Programming Capability SIT. July 25th 2016.
This presentation is an offshoot of the Jonhs Hopkins University's Data Science Specialization's final Capstone project. The project consisted in creating a predictive text app in Shiny that would estimate and display the likeliest word to be typed in next by the user, given the previous input text.
CRAN Natural Language Processing Task View.
Text Mining Infrastructure in R <- Comprehensive Journal of Statistical Software article.
Intro to the tm package <- Getting started pdf.
This presentation will focus on preprocessing.
blogs <- readLines("C:/Users/marino.re/Box Sync/Capstone/data/en_US/en_US.blogs.txt",
encoding = "utf-8", skipNul = TRUE)
set.seed(50) #Reproducibility seed
blogsSample <- sample(blogs, size= length(blogs)*0.01) #Sampling 1%
rm(blogs)
Corpora can be created using the VCorpus() function (V stands for volatile. The corpus is an R object fully held in memory; when deleted the corpus is gone). Then a source has to be specified, in this case the source is a character vector, so VectorSource() can be used.
library(tm)
corpus <- VCorpus(VectorSource(blogsSample))
as.character(corpus[[6835]])
“The charity inspired by the encounter has raised $60m and in 2009 said it was supporting 54 schools in across Homeward serving 28,475 students. Obama donated $100,000 to the group from the proceeds of his Nobel prize. The book has become required reading in the US of A.”

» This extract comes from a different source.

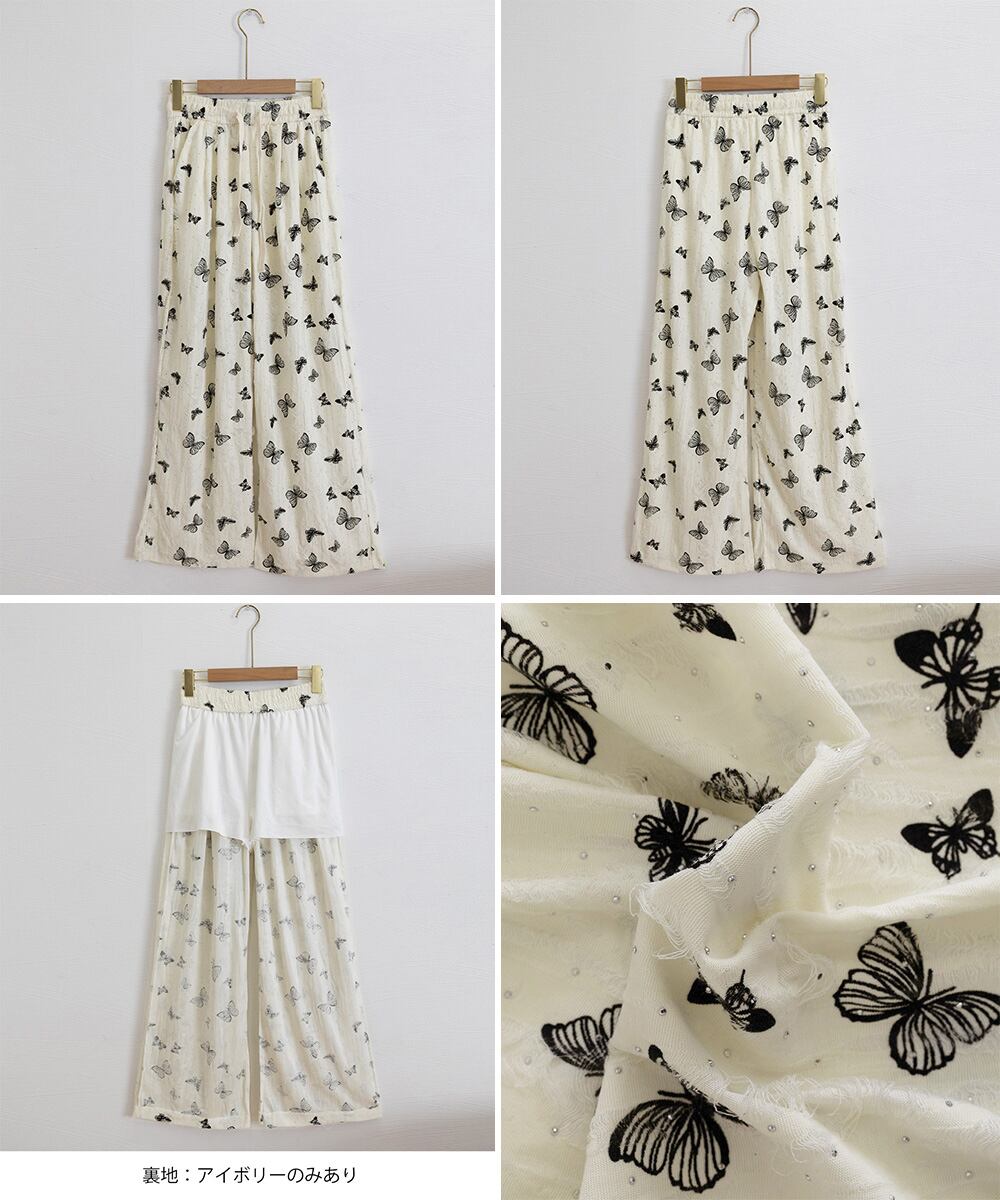 蝶柄ワイドパンツ ダメージロングパンツ夏

| Function | What does it do? |
|---|---|
| asPlain() | Converts the document to a plain text document |
| loadDoc() | Triggers load on demand |
| removeCitation() | Removes citations from e-mails |
| removeMultipart() | Removes non-text from multipart e-mails |
| removeNumbers() | Removes numbers |
| removePunctuation() | Removes punctuation marks |
| removeSignature() | Removes signatures from e-mails |
| removeWords() | Removes stopwords |
| replaceWords() | Replaces a set of words with a given phrase |
| stemDoc() | Stems the text document |
| stripWhitespace() | Removes extra whitespace |
| tmTolower() | Conversion to lower case letters |
transformations <- function(corpus) {
corpus <- tm_map(corpus, content_transformer(tolower))
corpus <- tm_map(corpus, removePunctuation)

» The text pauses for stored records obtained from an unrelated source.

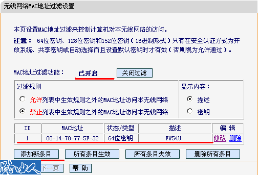 打开无线设置->MAC地址过滤,在MAC地址过滤页面添加新条目,进入参数界面
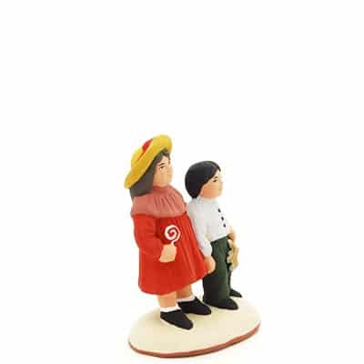 Les enfants se promenant main dans la main !Les santons de Provence (taille 7cm) en argile sont réalisés et peints à la main avec une peinture acrylique dans le respect des traditions. La précision des décors et la finesse de l’argile sont le résultat d’un travail de qualité et d’une expérience reconnue. Tous nos santons sont disponible dans une version à peindre.
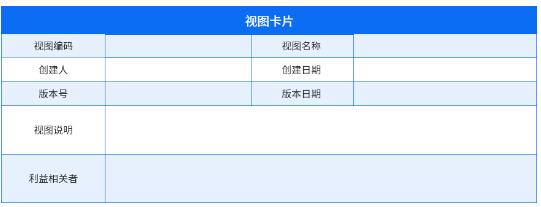 視圖卡片是關(guān)于視圖元信息的描述,通過(guò)視圖卡片可以了解視圖編碼、名稱、版本號(hào)、創(chuàng)建人、視圖描述和視圖的利益相關(guān)者。

corpus <- tm_map(corpus, removeNumbers)
corpus <- tm_map(corpus, removeWords, stopwords("english"))
#Removing words creates white spaces, so stripWhitespace has to come later
corpus <- tm_map(corpus, stripWhitespace)
}
“The charity inspired by the encounter has raised $60m and in 2009 said it was supporting 54 schools in across Homeward serving 28,475 students. Obama donated $100,000 to the group from the proceeds of his Nobel prize. The book has become required reading in the US of A.”
cleanCorpus <- transformations(corpus)
as.character(cleanCorpus[[6835]])
[1] “ charity inspired encounter raised m said supporting schools across homeward serving students obama donated group proceeds nobel prize book become required reading us ”
N-grams. Ann-gram is a contiguous sequence of n items from a given sequence of text or speech
Document Term Matrix (dtm). A dtm is a matrix where each document is placed in the rows and each unique word (in the whole corpus) constitutes a feature or a column. This is a very convenient way to carry out frequency counts.
One problem with dtms is that the matrix can be very sparse, difficulting calculations. The slam package (Sparse Lightweight Arrays and Matrices) is recommended to deal with sparse matrices.
| Term1 | Term 2 | Term 3 | … | nth Term | |
|---|---|---|---|---|---|
| Doc 1 | 0 | 2 | 0 | … | w |
| Doc 2 | 3 | 0 | 1 | … | x |
| Doc 3 | 0 | 0 | 1 | … | y |
| … | … | … | … | … | … |
| mth Doc | 0 | 0 | 1 | … | z |
Each element in the matrix is a term frequency counter for a specific term in a specific document.